Children under the age of 21 automatically become citizens by the naturalization of a parent. However, there are many exceptions to this law regarding residence, whether or not a Declaration is required, what happens if the parent dies or becomes insane, adopted children, illegitimate children, step-children, and children born abroad.
Obtaining citizenship generally has been made easier for aliens who served in the U.S. military. Filing of the Declaration of Intention was often not required and the period of residency eliminated or reduced. However, in 1894 the law was changed and during times of peace no one (except Indians) could serve in the military unless he or she was a U.S. citizen or had filed a Declaration of Intention. Aliens were allowed to serve during times of war and to become naturalized.

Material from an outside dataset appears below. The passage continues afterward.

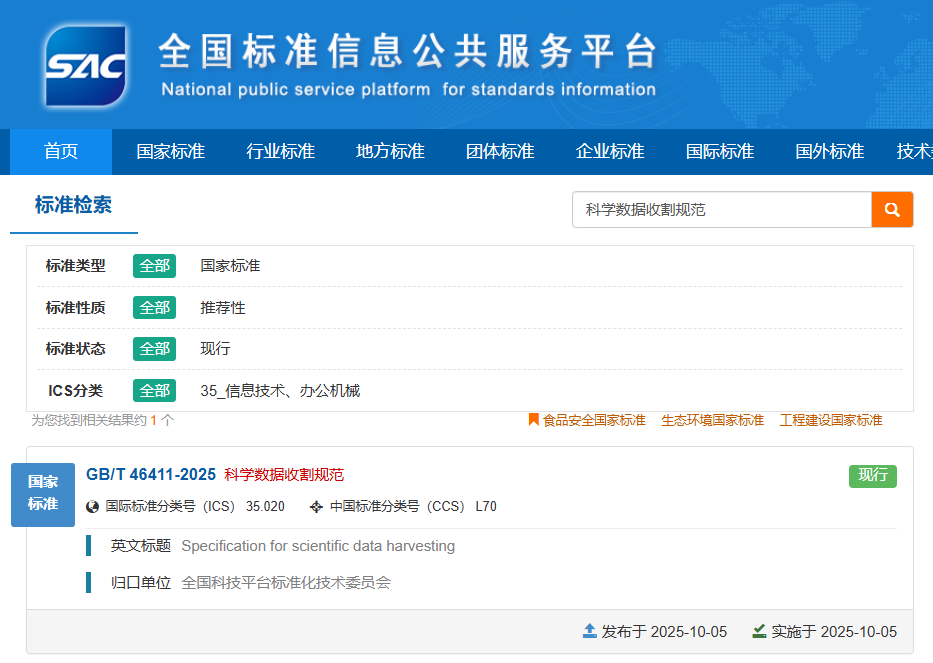 近日,国家标准化管理委员会通过官网发布《中华人民共和国国家标准公告(2025年第24号)》,中国科学院计算机网络信息中心牵头研制的GB/T 46411-2025《科学数据收割规范》正式发布并同时实施。该标准由全国科技平台标准化技术委员会(TC486)归口,主管单位为科学技术部。标准的详细信息可查阅全国标准信息公共服务平台(https://std.samr.gov.cn/noc/nocGB)。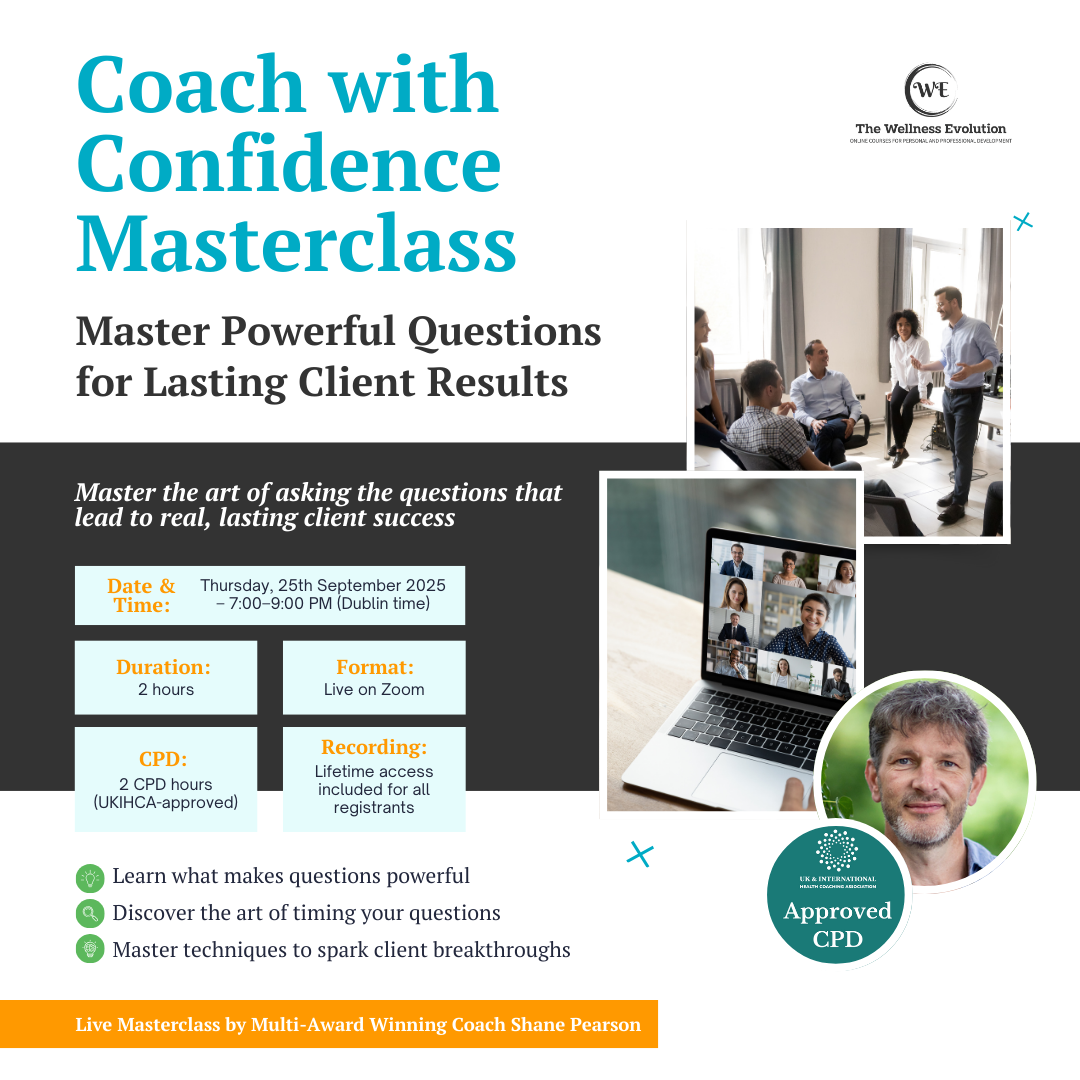 In this live masterclass, you’ll learn to listen for what matters, ask with precision, and land the question so clients generate their own insight—and commit to lasting action. You’ll discover what actually makes a question powerful (and what makes it fall flat), how to spot the exact moment to ask, and how to use silence and strategic follow-ups to deepen insight, evoke transformation and catalyse commitment.

Some states had laws forbidding aliens from owning land unless they had filed a declaration. Homesteaders were able to qualify for free public land after filing the declaration. The National Archives has homestead records prior to May 1, 1908 and Bureau of Land Management after that date. BLM can be accessed at http://www.blm.gov/nhp/index.htm .
Obstacles to Research
Besides identifying the court (or courts) that handled the various steps in the procedure, there are other pitfalls. Some immigrants filed the Declaration, perhaps for homesteading, but did not follow through with the final papers. If they could vote and obtain land with the Declaration only, they had no need to complete the process. Others were allowed to skip the declaration and only had to file the final petition. In addition, fraud occurred on a large scale. Thousands of fraudulent certificates were issued in 1868 in New York because votes were needed in an election. These certificates had no court records documenting the citizenship. If you cannot locate the naturalization record in the court where it was supposed to have occurred, your ancestor may have had a fraudulent certificate.
For further information, see the National Archives and Records Administration " Naturalization Records " page; the LDS Research Outline on the U.S. (p. 38-41) and the excellent 43-page booklet American Naturalization Processes and Procedures 1790-1985 by John J. Newman (Indianapolis: Family History Section, Indiana Historical Society 1985).